Adams' dream is to change that, starting with the Giro d'Italia.
He showed up for our interview on his bike, wearing a black bicycle helmet, light blue and white cycling jersey, and black shorts. As we took a stroll for the interview, Adams' powder blue cycling shoes clicked on the ground, as the metal clips hit the concrete.
His goal is twofold: building a cycling culture in Israel and promoting the country overseas.
"As many as a billion viewers will see the country on display, the full country," said Adams.
"Cycling takes place outdoors, and for three days, the cameras will be on us for 16 hours showing the country from north to south."
I met Adams in a velodrome under construction in Tel Aviv's HaYarkon Park. His velodrome. Upon completion, it will be the Sylvan Adams Velodrome.
When I ask Adams how much of his own money he invested between the velodrome, the Giro d'Italia, and launching an Israeli cycling team, he demurs.
"It's an investment in the present and in the future towards the two goals that I have for this project, which are promoting Israel abroad and development of the sport of cycling, and frankly I'm very excited about the whole thing."
The velodrome will be the first in the Middle East, and Adams sees it as a bridge of peace between Israel and its neighbors.
"Being the only velodrome in the Middle East, if our neighbors want to develop track riders, they're welcome to come here and ride with us and develop the sport and eventually maybe we could host some Middle Eastern championships when the sport is developed in all of the countries," says Adams.
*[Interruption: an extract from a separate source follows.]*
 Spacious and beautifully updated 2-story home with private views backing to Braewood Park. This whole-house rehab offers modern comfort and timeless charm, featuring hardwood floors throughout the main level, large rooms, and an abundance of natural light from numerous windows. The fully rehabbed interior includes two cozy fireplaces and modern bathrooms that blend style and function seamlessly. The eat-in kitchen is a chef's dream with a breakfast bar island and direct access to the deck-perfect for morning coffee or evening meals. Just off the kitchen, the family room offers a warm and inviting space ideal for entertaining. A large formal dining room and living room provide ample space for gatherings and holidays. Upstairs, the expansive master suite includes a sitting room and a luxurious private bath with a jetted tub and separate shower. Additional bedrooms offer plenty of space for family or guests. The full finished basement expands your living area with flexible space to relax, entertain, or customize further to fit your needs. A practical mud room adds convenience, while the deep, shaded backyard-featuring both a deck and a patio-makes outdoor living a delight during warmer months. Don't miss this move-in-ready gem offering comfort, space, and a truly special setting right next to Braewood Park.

This year's Giro d'Italia has teams from the United Arab Emirates and Bahrain, two countries that have no diplomatic ties with Israel.
But Adams' optimistic political future is not the first bit of politics that comes to mind. The first stage of the Giro d'Italia is in Jerusalem, arguably the most sensitive city on earth.
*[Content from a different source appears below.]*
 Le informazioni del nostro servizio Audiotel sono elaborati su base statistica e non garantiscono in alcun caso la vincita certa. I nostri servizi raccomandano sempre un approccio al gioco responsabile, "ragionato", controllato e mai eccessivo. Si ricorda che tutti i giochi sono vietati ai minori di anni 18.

'Beautiful and historical'
The 10-kilometer time trial winds its way through a number of different neighborhoods in the city.
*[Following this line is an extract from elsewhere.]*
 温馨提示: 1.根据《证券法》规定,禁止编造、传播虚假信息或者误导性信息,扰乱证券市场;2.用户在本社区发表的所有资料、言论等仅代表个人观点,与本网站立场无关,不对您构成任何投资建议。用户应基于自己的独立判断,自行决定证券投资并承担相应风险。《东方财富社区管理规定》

Despite starting and finishing near the Old City, the route never actually enters the Old City itself, and it never crosses the Green Line -- the city's former dividing line -- to enter East Jerusalem, considered occupied territory by virtually the entire international community.
Jerusalem Mayor Nir Barkat downplayed the significance of the route remaining entirely in the western half of the city.
"We chose the route by beauty and not by anything else," Barkat told CNN.
"The whole issue of how Jerusalem was in '67, in '48, 100 years ago, 2000 years ago is totally irrelevant."
The 1948 reference is the year in which the State of Israel was established, while 1967 refers to the year Israeli forces captured the West Bank and East Jerusalem, both at the time under Jordanian control.
The race continues with a second stage from Haifa in northern Israel to Tel Aviv in the center of the country. A third stage will take riders from Beer Sheva in southern Israel through the Negev desert to Eilat at the very southern tip of the country. It is the first time the race has ever started away from mainland Europe.
Some of the riders relished the chance to spread the sport of cycling to new locations -- and maybe even to do some sightseeing on the ride.
Alexandre Geniez, riding for the French AG2R La Mondiale team, said: "Coming to Jerusalem for the Big Start of the Giro is a break from our usual routine but it's beautiful and historical.
"Cycling can't only be located in France, Italy, Spain, Belgium and the Netherlands."
Echoing his sentiment, Domenico Pozzovivo on Bahrain's Merida team said: "Depending on the speed of the peloton, I hope to have a chance to look around during the race since it's my first time in Israel."
This year's favorites are no surprise. Title defender Tom Dumoulin of the Netherlands and four-time Tour de France champion Chris Froome are leading the pack.
Britain's Froome, riding for Team Sky, is under investigation over an adverse doping test
as a result of a urine sample that contained excess levels of an asthma medication last year.
Froome has denied any wrongdoing.
It will likely be years before an Israeli cyclist makes a mark on competitive cycling. The country first needs to develop young talent before vying for the big titles.
But for the tiny country, this year's Giro d'Italia is already a win.